Type
- Type: Municipal Corporation of the Kanpur
- Established: in 1861 as Municipality of Cawnpore

Leadership
- Mayor: Pramila Pandey, BJP since 12 December 2017
- Municipal Commissioner: Arpit Upadhyay, IAS

Structure
- Seats: 110
- Political groups: Government (73) BJP (73); Opposition (22) SP (17); INC (5); Others (15) IND (15);

Elections
- Voting system: First past the post
- Last election: 11 May 2023
- Next election: 2028

Meeting place
- City Hall (KMC Building), Moti Jheel, Kanpur, Uttar Pradesh

Website
- kmc.up.nic.in

= Kanpur Municipal Corporation =

Local civic body in Kanpur, Uttar Pradesh, India

Kanpur Municipal Corporation (KMC) is a municipal corporation of Kanpur city in Indian state of Uttar Pradesh.
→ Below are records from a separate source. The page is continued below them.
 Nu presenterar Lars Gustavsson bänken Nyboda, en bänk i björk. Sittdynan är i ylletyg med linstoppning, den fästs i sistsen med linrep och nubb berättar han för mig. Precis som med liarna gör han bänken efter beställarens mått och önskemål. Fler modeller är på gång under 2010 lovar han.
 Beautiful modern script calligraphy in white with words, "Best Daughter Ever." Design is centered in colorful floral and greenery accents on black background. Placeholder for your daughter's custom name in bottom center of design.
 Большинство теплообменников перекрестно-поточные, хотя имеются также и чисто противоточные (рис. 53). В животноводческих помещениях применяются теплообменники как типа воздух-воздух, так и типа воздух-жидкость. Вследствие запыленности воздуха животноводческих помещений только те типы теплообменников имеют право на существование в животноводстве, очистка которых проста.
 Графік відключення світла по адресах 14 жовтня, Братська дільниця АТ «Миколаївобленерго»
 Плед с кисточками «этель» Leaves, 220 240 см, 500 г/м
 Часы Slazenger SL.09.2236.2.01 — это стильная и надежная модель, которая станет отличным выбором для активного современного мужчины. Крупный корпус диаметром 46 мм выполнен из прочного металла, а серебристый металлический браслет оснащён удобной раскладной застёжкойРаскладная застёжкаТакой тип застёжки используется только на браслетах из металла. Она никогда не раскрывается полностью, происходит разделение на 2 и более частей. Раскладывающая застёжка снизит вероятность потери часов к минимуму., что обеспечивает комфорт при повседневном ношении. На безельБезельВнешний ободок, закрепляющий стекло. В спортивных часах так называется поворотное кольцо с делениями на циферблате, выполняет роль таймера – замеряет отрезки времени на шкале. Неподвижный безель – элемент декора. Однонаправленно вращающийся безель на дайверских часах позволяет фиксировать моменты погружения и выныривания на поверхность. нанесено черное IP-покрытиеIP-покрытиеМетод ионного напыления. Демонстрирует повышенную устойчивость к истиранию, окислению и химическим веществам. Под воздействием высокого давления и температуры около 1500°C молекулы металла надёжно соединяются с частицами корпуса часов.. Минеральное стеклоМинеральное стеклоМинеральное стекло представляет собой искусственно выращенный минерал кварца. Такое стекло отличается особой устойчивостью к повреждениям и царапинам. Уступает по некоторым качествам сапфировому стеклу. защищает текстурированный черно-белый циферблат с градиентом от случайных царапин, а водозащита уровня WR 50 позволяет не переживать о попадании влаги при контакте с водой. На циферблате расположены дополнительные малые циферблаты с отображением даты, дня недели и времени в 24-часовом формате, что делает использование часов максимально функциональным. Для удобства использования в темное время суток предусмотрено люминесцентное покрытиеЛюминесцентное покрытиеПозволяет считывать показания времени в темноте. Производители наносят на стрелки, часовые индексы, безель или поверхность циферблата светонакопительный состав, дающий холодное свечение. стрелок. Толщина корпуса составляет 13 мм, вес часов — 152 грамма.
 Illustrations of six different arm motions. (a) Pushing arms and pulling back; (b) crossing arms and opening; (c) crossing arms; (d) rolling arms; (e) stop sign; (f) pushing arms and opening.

Kanpur has area of 108. 63 km^{2}. The corporation has 110 wards covering area equal to 403 square kilometres.

==History==

The municipality in Kanpur, then Cawnpore was first established on 22 November 1861 under the chairmenship of a District Magistrate. Lala Sheo Prasad was the first Vice Chairman of the association of Cawnpore Municipal Committee. The Town Hall building was erected at Cooperganj in the year 1879 with investment of around 2,16,000 rupees.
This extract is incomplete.